Christian Kracht (Hg.)

Mesopotamia

Ernste Geschichten am Ende des Jahrtausends
Cover: Mesopotamia
Deutsche Verlags-Anstalt (DVA), Stuttgart 1999
ISBN 9783421051912
Gebunden, 335 Seiten, 20,35 EUR

Klappentext

Die staubigen Tourismuspfaden von Sri Lanka, in einem Jet der KLM, intime Hinterzimmer der Frankfurter Buchmesse, weite Suiten von Davos: Davon handeln siebzehn Erzählungen aus Mesopotamia, dem neuen Reich der Mitte. Die Autoren sind Joachim Bessing, Rebecca Casati, Rainald Goetz, Uwe Kopf, Christian Kracht, Eva Munz, Elke Naters, Andreas Neumeister, Eckhart Nickel, Ingo Niermann, Annie Phrommayon, Nika Scheidemantel, Alexander von Schönburg-Glauchau, Lorenz Schroeter, Carl von Siemens, Benjamin von Stuckrad-Barre, Moritz von Uslar.

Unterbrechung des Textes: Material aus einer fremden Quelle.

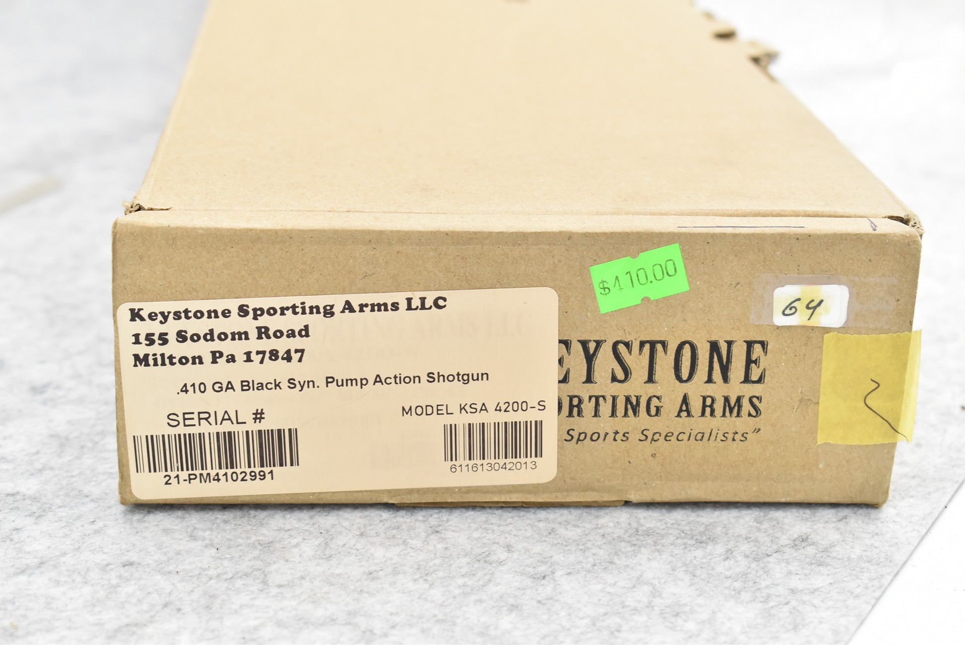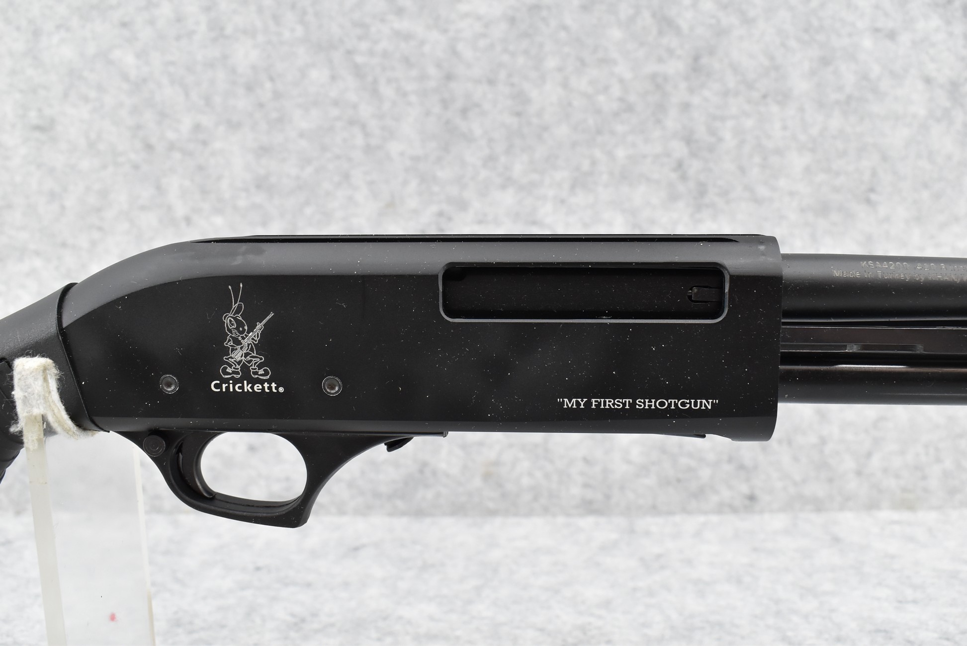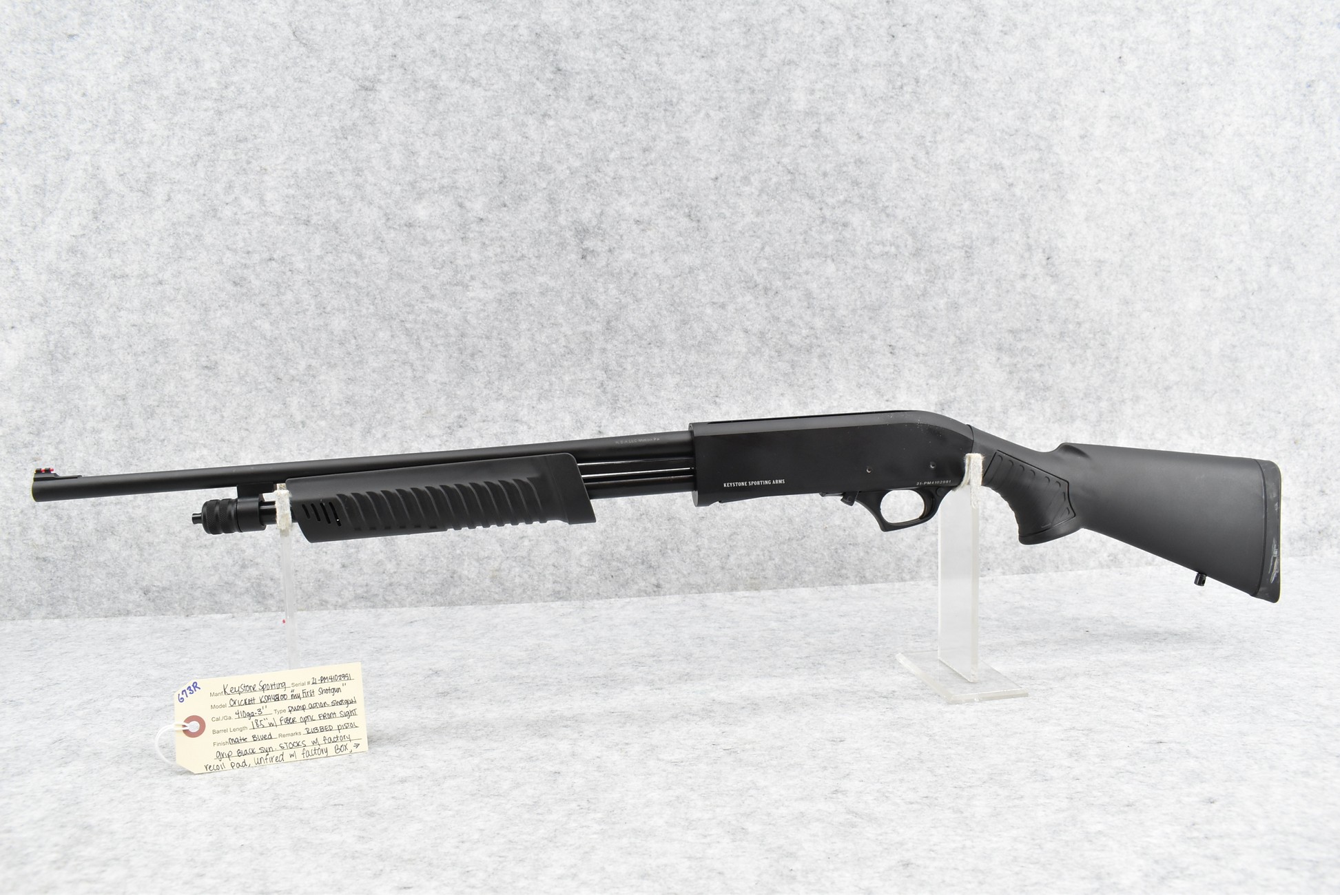 673R. Keystone Sporting – Mod. Crickett KSA4200 “My First Shotgun” – 410ga. 3” Pump Action Shotgun – w/18½” Barrel w/Fiber Optic Front Sight – Matte Blued Finish – w/Ribbed Pistol Grip Black Synthetic Stocks w/Factory Recoil Pad – w/Stock Extensions – Unfired w/Factory Box and Manual

Rezensionsnotiz zu Die Tageszeitung, 13.10.1999

In einer Doppelbesprechung rezensiert Daniel Bax zwei Bücher mit Erzählungen junger deutscher bzw. ausländischer Autoren. Beide schneiden allerdings bei ihm nicht besonders gut ab.
1) Christian Kracht (Hg,): "Mesopotamia. Ernste Geschichten am Ende des Jahrtausends"
Bax zeigt sich spürbar genervt und auch gelangweilt von diesem Buch. Vor allem "eitle Selbstreferenz" ist seiner Ansicht nach in diesem Band ziemlich präsent. So wundert es nicht, wenn er feststellt, dass die Erzählungen nur dann einigermaßen präzise ausfallen, wenn es einen Ich-Erzähler gibt. Schwierigkeiten treten vor allem immer dann auf, wenn es gilt, sich in die Rolle einer anderen Figur hineinzudenken. Mindestens ebenso schwer wiegt für Bax die vorherrschende "selbstverliebte Dekadenz und (der) blasierte Zynismus". Man hat einen Zweitwohnsitz in Bangkok, ein "von" im Nachnamen und die Geschichten spielen in Davos oder auf Sri Lanka. "Die Hölle, das sind die anderen, so die Attitüde", stellt Bax fest. Das wär wohl alles halb so schlimm, wenn die Texte gut wären. Aber manches klingt, wie er feststellt, eher wie von Konsalik. Nur zwei Texte hebt er als verhältnismäßig gelungen hervor. In einem erzählt Stuckrad-Barre "so unprätentiös wie es ihm möglich ist" von einem Sommerjob, im anderen Elke Naters von einer "gruppendynmischen Urlaubsneurose".
2) Joachim Lottmann (Hg.): "Kanaksta. Geschichten von deutschen und anderen Ausländern".
Hier ist eine Gelegenheit vertan worden, meint Bax. Anstatt junge ausländische Autoren zu Wort kommen zu lassen, die wirklich etwas zu sagen haben, habe der Herausgeber offensichtlich bei der Auswahl das "Poesiealbum-Prinzip" verfolgt: "Jeder darf mal". Das ist aber nicht das Schlimmste: Bax macht - von einigen Ausnahmen abgesehen - eine erhebliche Ansammlung von "Selbstmitleid, Selbstbefragung und altbackenen Reflexionen über kulturelle Unterschiede" aus. Und weil man offensichtlich nicht genügend ausländische Autoren zusammen bekommen hat, kommen auch noch ein paar "Abiturdeutsche" zu Wort, so Bax. "Vor dieser Kanakenbewegung braucht jedenfalls niemand Angst zu haben", stellt der Rezensent fast mit Bedauern fest.